→ **Collected data**:

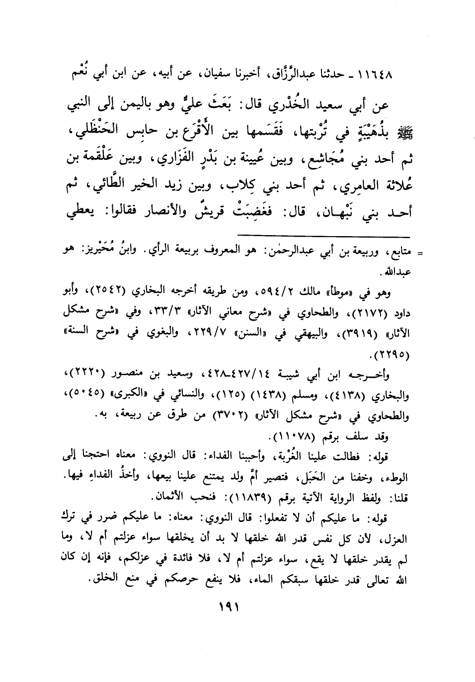 ١١٦٤٨ - حَدَّثَنَا عَبْدُ الرَّزَّاقِ، أَخْبَرَنَا سُفْيَانُ، عَنْ أَبِيهِ، عَنِ ابْنِ أَبِي نُعْمٍ، عَنْ أَبِي سَعِيدٍ الْخُدْرِيِّ قَالَ: بَعَثَ عَلِيٌّ وَهُوَ بِالْيَمَنِ إِلَى النَّبِيِّ صَلَّى اللهُ عَلَيْهِ وَسَلَّمَ بِذُهَيْبَةٍ فِي تُرْبَتِهَا، فَقَسَمَهَا بَيْنَ الْأَقْرَعِ بْنِ حَابِسٍ الْحَنْظَلِيِّ، ثُمَّ أَحَدِ بَنِي مُجَاشِعٍ، وَبَيْنَ عُيَيْنَةَ بْنِ بَدْرٍ الْفَزَارِيِّ، وَبَيْنَ عَلْقَمَةَ بْنِ عُلَاثَةَ الْعَامِرِيِّ، ثُمَّ أَحَدِ بَنِي كِلَابٍ، وَبَيْنَ زَيْدِ الْخَيْرِ الطَّائِيِّ، ثُمَّ أَحَدِ بَنِي نَبْهَانَ، قَالَ: فَغَضِبَتْ قُرَيْشٌ وَالْأَنْصَارُ، فَقَالُوا: يُعْطِي
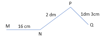 Trang vẽ đường gấp khúc MNPQ. Biết MN dài 16 cm, NP dài 2dm, PQ dài 1dm 3cm. Tính độ dài đường gấp khúc MNPQ?
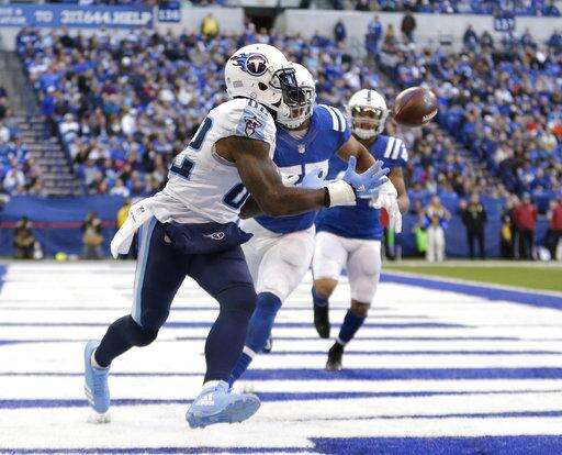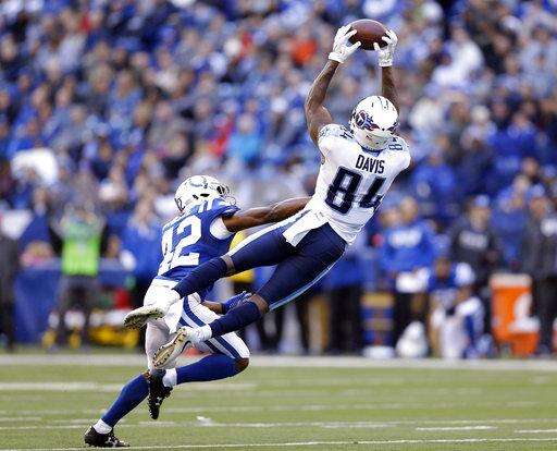 Tennessee Titans' Corey Davis (84) makes a catch against Indianapolis Colts' Kenny Moore (42) during the second half of an NFL football game, Sunday, Nov. 26, 2017, in Indianapolis. (AP Photo/AJ Mast) The Associated Press
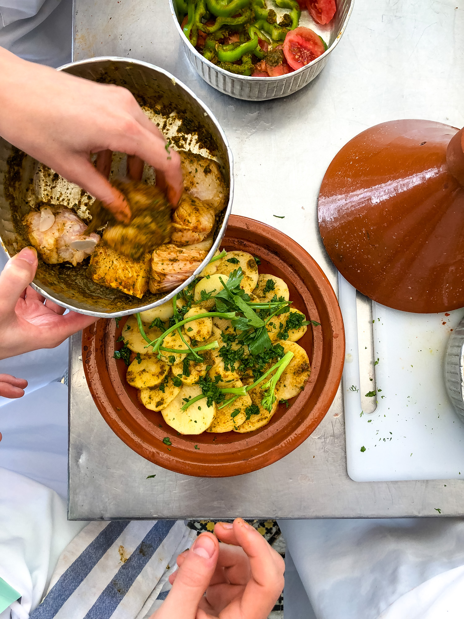 - Coat first the potatoes then the green peppers and lastly the tomatoes with the remaining chermoula

→ **Work instructions**:
Copy all the material exactly; omit images.

→ **Result of this exercise**:
 ١١٦٤٨ - حَدَّثَنَا عَبْدُ الرَّزَّاقِ، أَخْبَرَنَا سُفْيَانُ، عَنْ أَبِيهِ، عَنِ ابْنِ أَبِي نُعْمٍ، عَنْ أَبِي سَعِيدٍ الْخُدْرِيِّ قَالَ: بَعَثَ عَلِيٌّ وَهُوَ بِالْيَمَنِ إِلَى النَّبِيِّ صَلَّى اللهُ عَلَيْهِ وَسَلَّمَ بِذُهَيْبَةٍ فِي تُرْبَتِهَا، فَقَسَمَهَا بَيْنَ الْأَقْرَعِ بْنِ حَابِسٍ الْحَنْظَلِيِّ، ثُمَّ أَحَدِ بَنِي مُجَاشِعٍ، وَبَيْنَ عُيَيْنَةَ بْنِ بَدْرٍ الْفَزَارِيِّ، وَبَيْنَ عَلْقَمَةَ بْنِ عُلَاثَةَ الْعَامِرِيِّ، ثُمَّ أَحَدِ بَنِي كِلَابٍ، وَبَيْنَ زَيْدِ الْخَيْرِ الطَّائِيِّ، ثُمَّ أَحَدِ بَنِي نَبْهَانَ، قَالَ: فَغَضِبَتْ قُرَيْشٌ وَالْأَنْصَارُ، فَقَالُوا: يُعْطِي
 Trang vẽ đường gấp khúc MNPQ. Biết MN dài 16 cm, NP dài 2dm, PQ dài 1dm 3cm. Tính độ dài đường gấp khúc MNPQ?
 Tennessee Titans' Corey Davis (84) makes a catch against Indianapolis Colts' Kenny Moore (42) during the second half of an NFL football game, Sunday, Nov. 26, 2017, in Indianapolis. (AP Photo/AJ Mast) The Associated Press
 - Coat first the potatoes then the green peppers and lastly the tomatoes with the remaining chermoula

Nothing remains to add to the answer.